Hopes were high yesterday that a sequence of radio “pings” recorded by Australian search ship ocean shield were from the missing Malaysian Airlines flight MH370.
Relocating the sounds would have allowed the signals to be triangulated, providing the first direct lead to the final resting place of the jet.
But after another day and a half of listening, no further signal has been detected from HMS Ocean Shield in the north of the search area, or from Chinese and British warships searching 300 miles further south.
A drop in the frequency of signals found on Sunday suggested the batteries on the locator beacons could be failing — as was predicted.
“There have been no further contacts with any transmission and we need to continue for several days right up to the point at which there’s absolutely no doubt that the batteries will have expired,” according to Air Chief Marshall Angus Houston head of Australia’s joint co-ordination centre.

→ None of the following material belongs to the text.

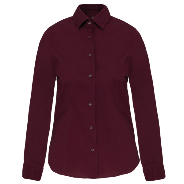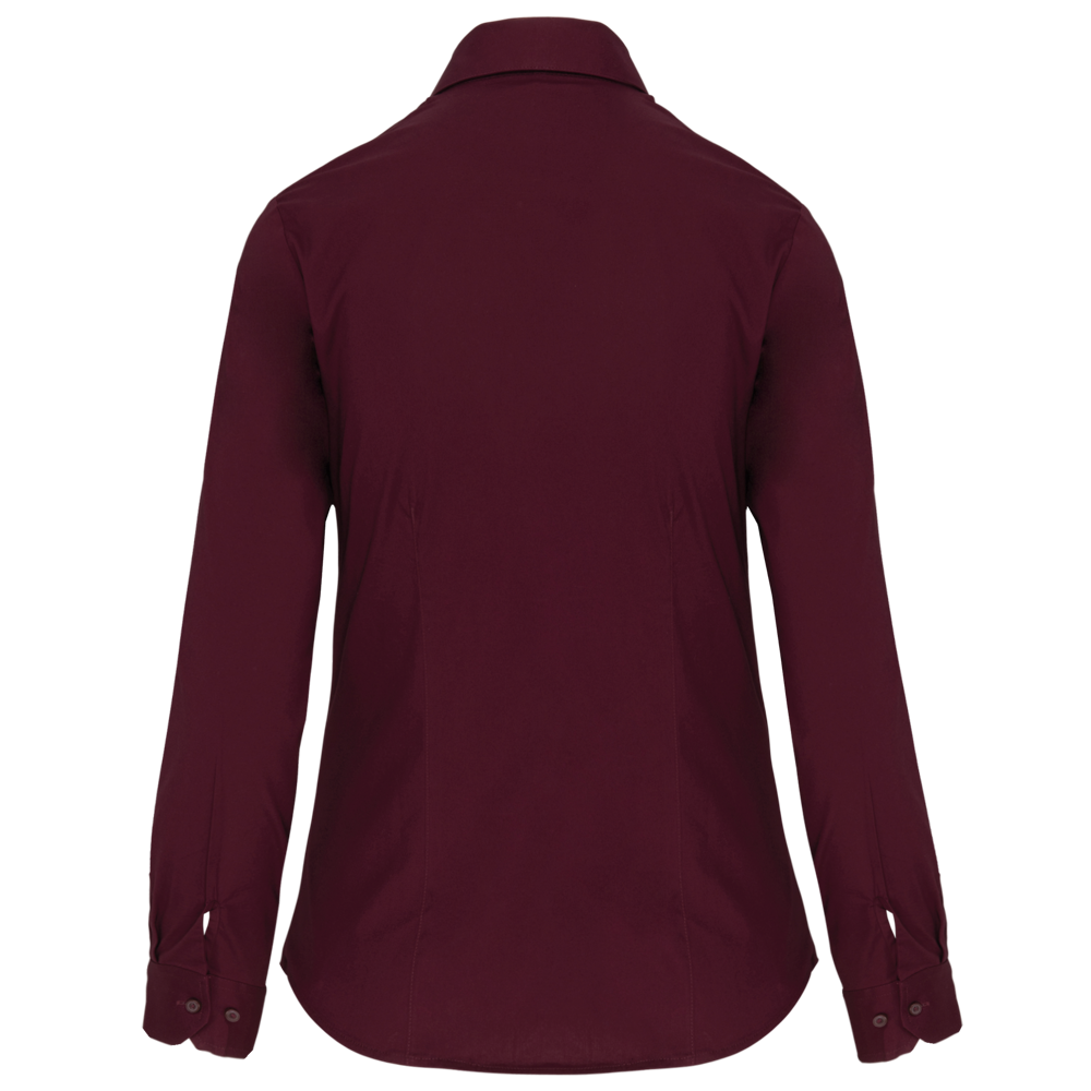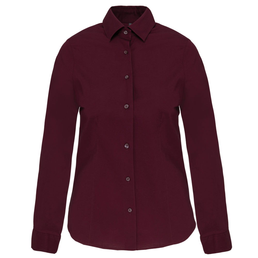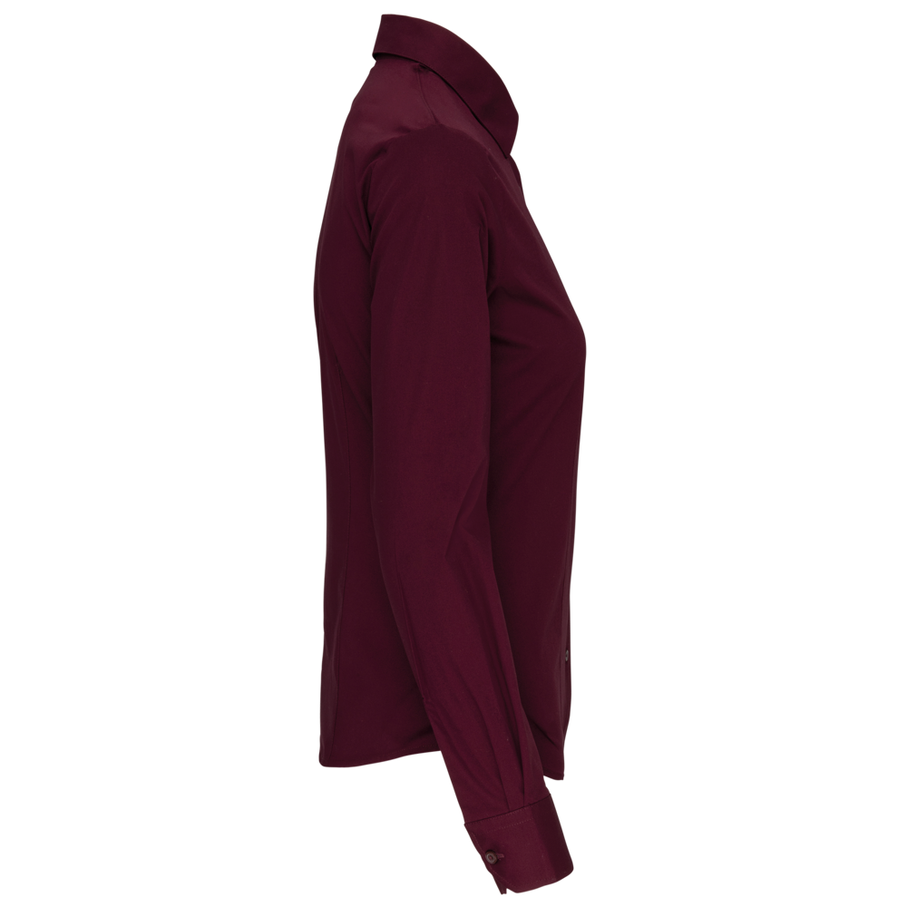 97% Baumwolle / 3% Elasthan. Körpernaher Schnitt. Klassischer, knopfloser Kragen. Farblich abgestimmte Knöpfe. Je 2 Abnäher am Rücken und auf der Vorderseite für taillierte Passform. Abgeschrägte Manschette mit 2 Knöpfen. 1 Ersatzknopf. Abgerundeter Saum.
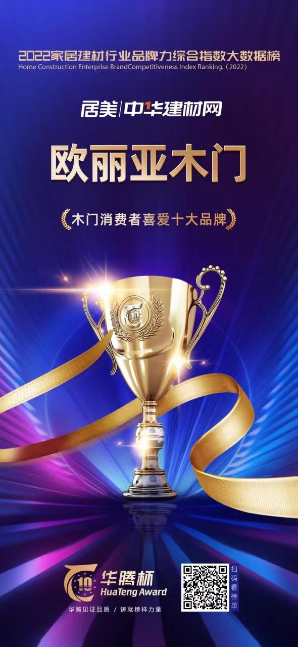 2022年,欧丽亚木门在乐竞在线注册品质、绿色环保、时尚创新、售后服务等方面广受消费者的认可和喜爱。9月1日,欧丽亚在由中华建材网举办的“2022年“华腾杯”家居建材行业品牌力综合指数大数据榜评比活动”中荣获

Robotic submarines are the only tools that could find the plane’s wreckage, given the depths of ocean in the area.
However, the subs are slow-moving and still have a search area the size of Northern Ireland to cover.
It was announced today that they won’t be deployed until more effort has been made to narrow the search area by listening for more “pings”.
“If we can get more transmissions we can get a better fix on the ocean floor, which would enable a much more narrowly focused visual search,” said Mr Houston.
So for the time being, ships are being excluded from the search area while the painstaking task of listening continues.
Earlier today aircraft deployed an array of buoys equipped with underwater microphones to a separate part of the search area to listen passively for signals.
Even if the search teams do hear more signals, it could be challenging to triangulate the position of their source.
These high-resolution images of the sea bed in the search area show a complex terrain.
There are submarine peaks 2.5km from the surface – but also a deep canyon 6km deep running through the search area. Poignantly, many are named after shipwrecks, the maritime disasters of the past: “Lost Dutchman Ridge” and “Batavia Rise”.
Not only will that sub-sea topography scatter sound around – it could also make it harder for subsequent sonar surveys to find any wreckage.
At what cost?
As the search enters its 33rd day estimates of the cost of the international operation have started to emerge.
Estimates from Australian sources suggest keeping 12 aircraft flying sorties of up to 10 hours each could be costing the country more than 500,000 Australian dollars a day.
Keeping two of their naval vessels in the Indian Ocean for the search is estimated to have cost more than 5 million Australian dollars.
A spokesman for the US Navy told Channel 4 News it had spent nearly $6m on ships and aircraft as well as deploying its pinger locator equipment and robotic search sub to the Australian search.